Bestraffing van Ohola en Oholiba
1 VERDER geschiedde des HEEREN woord tot mij, zeggende:
2 Mensenkind, daar waren twee vrouwen, dochteren van één moeder.
3 Dezen hoereerden in Egypte; in haar jeugd hoereerden zij; daar werden haar borsten gedrukt, en daar werden de tepelen haars maagdoms betast.
4 Haar namen nu waren: Ohola, de grootste, en Oholiba, haar zuster; en zij werden de Mijne, en baarden zonen en dochteren; dit waren haar namen: Samaria is Ohola, en Jeruzalem Oholiba.
5 Ohola nu hoereerde, zijnde onder Mij; en zij werd verliefd op haar boelen, op de Assyriërs, die nabij waren;
6 Bekleed met hemelsblauw, vorsten en overheden, altemaal gewenste jongelingen, ruiteren, rijdende op paarden.
7 Alzo dreef zij haar hoererijen met dezelve, die allen de keure der kinderen van Assur waren; en met allen, op dewelke zij verliefd was, met al derzelver drekgoden, verontreinigde zij zich.
8 Zij verliet ook haar hoererijen niet, gebracht uit Egypte; want zij hadden bij haar in haar jeugd gelegen, en zij hadden de tepelen haars maagdoms betast, en zij hadden hun hoererij over haar uitgestort.
9 Daarom gaf Ik haar in de hand van haar boelen over, in de hand der kinderen van Assur, op dewelke zij verliefd was.
10 Dezen ontdekten haar schaamte, haar zonen en haar dochteren namen zij weg, maar haar doodden zij met het zwaard; en zij kreeg een naam onder de vrouwen, nadat men gerichten over haar geoefend had.
11 Als haar zuster, Oholiba, dit zag, zo verdierf zij haar minne nog meer dan zij, en haar hoererijen meer dan de hoererijen van haar zuster.
12 Zij werd verliefd op de kinderen van Assur, de vorsten en overheden, die nabij waren, bekleed met volkomen sieraad, ruiteren, rijdende op paarden, altemaal gewenste jongelingen.
13 Toen zag Ik, dat zij verontreinigd was; zij hadden beiden enerlei weg.
14 Ja, zij deed tot haar hoererijen nog meer toe; want toen zij geschilderde mannen aan den wand zag, de beelden der Chaldeeën, geschilderd met menie,
15 Gegord met een gordel aan hun lenden, hebbende overvloedig geverfde hoeden op hun hoofden, die allen in het aanzien hoofdmannen waren, naar de gelijkenis der kinderen van Babel, van Chaldea, het land hunner geboorte;
16 Zo werd zij op dezelve verliefd met het opzien van haar ogen, en zij zond boden tot hen, naar Chaldea.

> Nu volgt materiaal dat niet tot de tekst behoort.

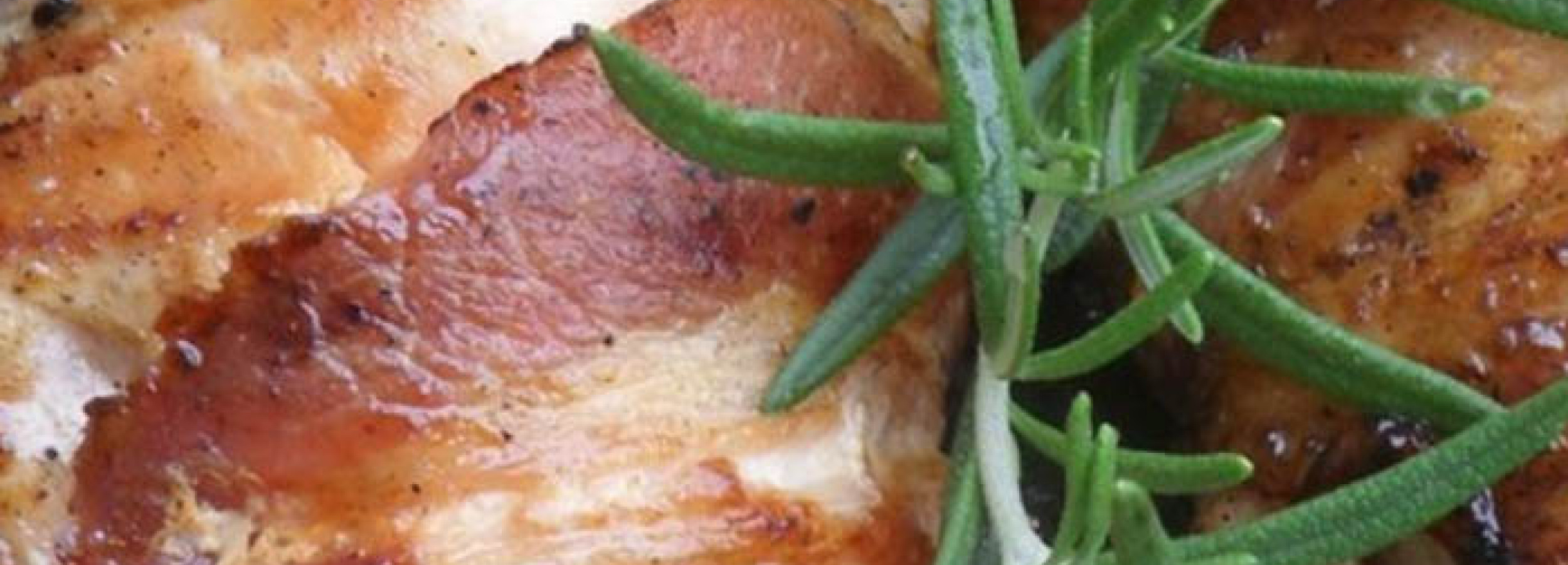 - Lay one rosemary sprig on the chicken breast. Wrap the bacon around the chicken to hold the rosemary on. Secure the bacon with a toothpick or an additional thick rosemary stem.

17 De kinderen van Babel nu kwamen tot haar in tot het leger der minne, en verontreinigden haar met hun hoererij; ook verontreinigde zij zich met hen; daarna werd haar ziel van hen afgetrokken.
18 Alzo ontdekte zij haar hoererijen, en ontdekte haar schaamte; toen werd Mijn ziel van haar afgetrokken, gelijk als Mijn ziel was afgetrokken van haar zuster.
19 Doch zij vermenigvuldigde haar hoererijen, gedenkende aan de dagen van haar jeugd, als zij gehoereerd had in het land van Egypte.
20 En zij werd verliefd meer dan derzelver bijwijven, welker vlees is als het vlees der ezelen, en welker vloed is als de vloed der paarden.
21 Alzo hebt gij weder opgehaald de schandelijke daad uwer jeugd, als die van Egypte uw tepelen betastten, vanwege de borsten uwer jeugd.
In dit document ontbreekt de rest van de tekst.